» Exercise: Images do not belong in the copy. Retype all the entries below exactly.

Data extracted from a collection
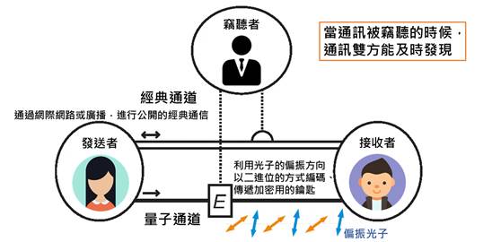 量子金鑰分發是基於量子物理學的基本原理,包括量子糾纏和不可複製定理(No cloning theorem),以防止竊聽和破解,此可以解決國防、金融、政務、商業等領域所面臨的資訊安全問題。
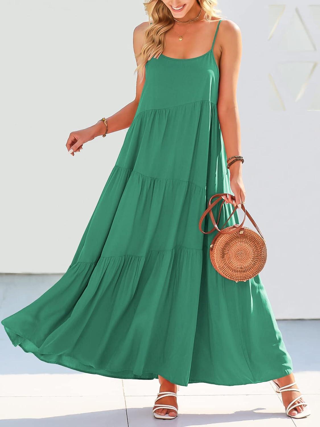 ANRABESS Women Summer Casual Loose Sleeveless Sundress Spaghetti Strap Flowy Boho Linen Beach Vacation Maxi Long Dress(Light Green)
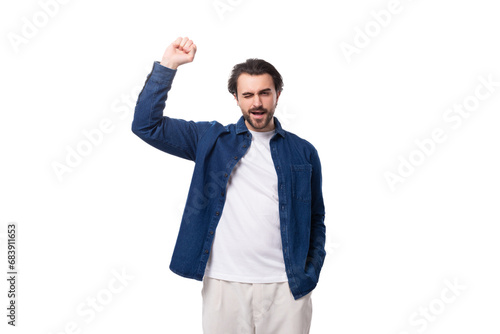 young handsome brutal brunette guy in a denim shirt joyfully raised his hand
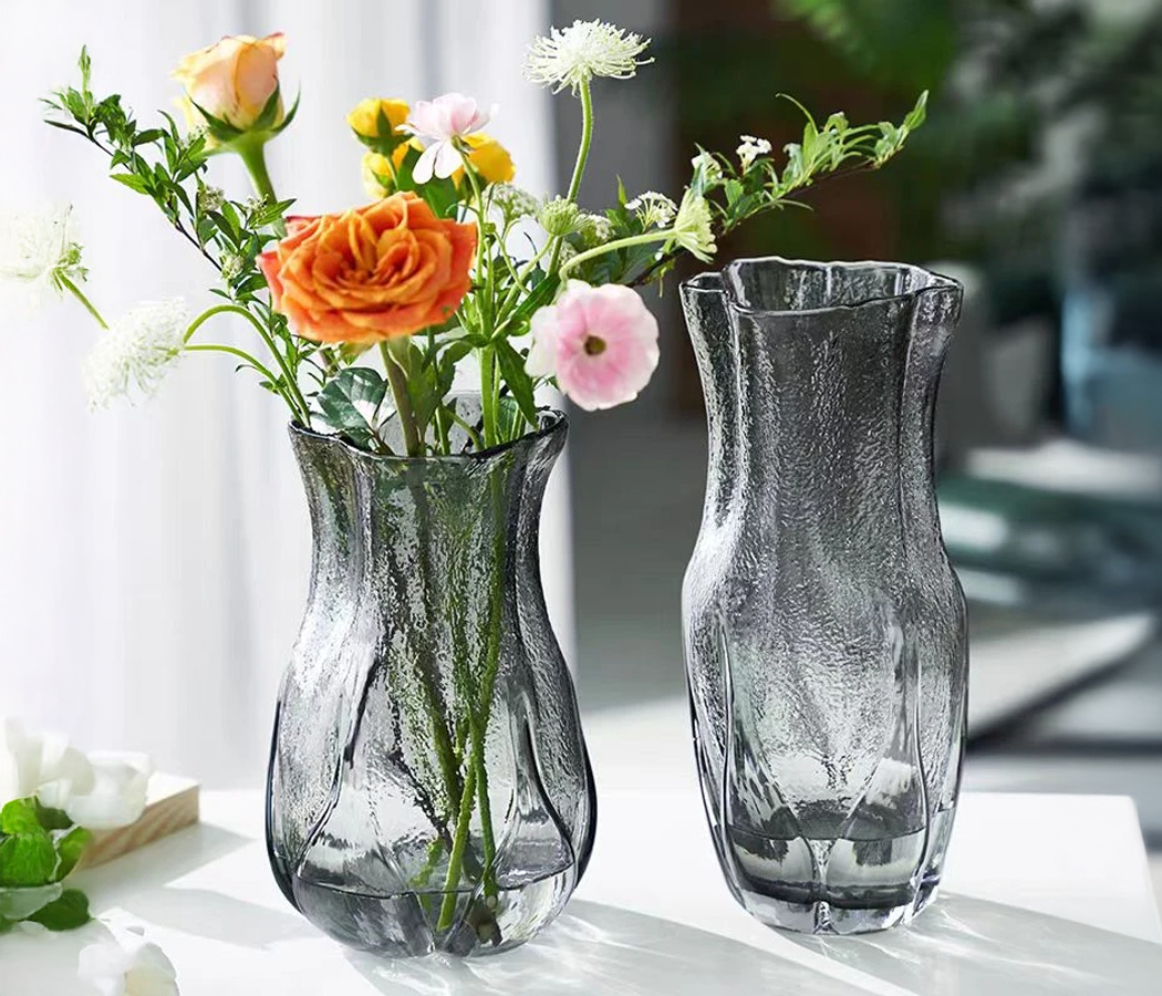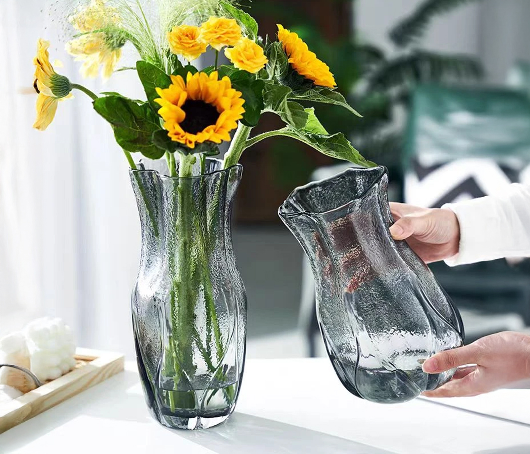 Ваза стеклянная D14* H28 см, 1 шт.,серый
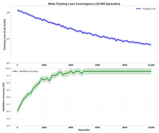 The dynamics of meta-training as shown in Figure of learning curves bring forth significant understanding of the learning process. This early quick reduction in losses (episodes 0 2000) is associated with the model to learn the simple discriminatory attributes that are common to the agricultural tasks. The next gradual refinement stage (episodes 2000–8000) is meta-optimization of the very adaptation mechanism to be able to learn how to effectively use the limited examples to learn the task-specific knowledge.

» Result:
 量子金鑰分發是基於量子物理學的基本原理,包括量子糾纏和不可複製定理(No cloning theorem),以防止竊聽和破解,此可以解決國防、金融、政務、商業等領域所面臨的資訊安全問題。
 ANRABESS Women Summer Casual Loose Sleeveless Sundress Spaghetti Strap Flowy Boho Linen Beach Vacation Maxi Long Dress(Light Green)
 young handsome brutal brunette guy in a denim shirt joyfully raised his hand
 Ваза стеклянная D14* H28 см, 1 шт.,серый
 The dynamics of meta-training as shown in Figure of learning curves bring forth significant understanding of the learning process. This early quick reduction in losses (episodes 0 2000) is associated with the model to learn the simple discriminatory attributes that are common to the agricultural tasks. The next gradual refinement stage (episodes 2000–8000) is meta-optimization of the very adaptation mechanism to be able to learn how to effectively use the limited examples to learn the task-specific knowledge.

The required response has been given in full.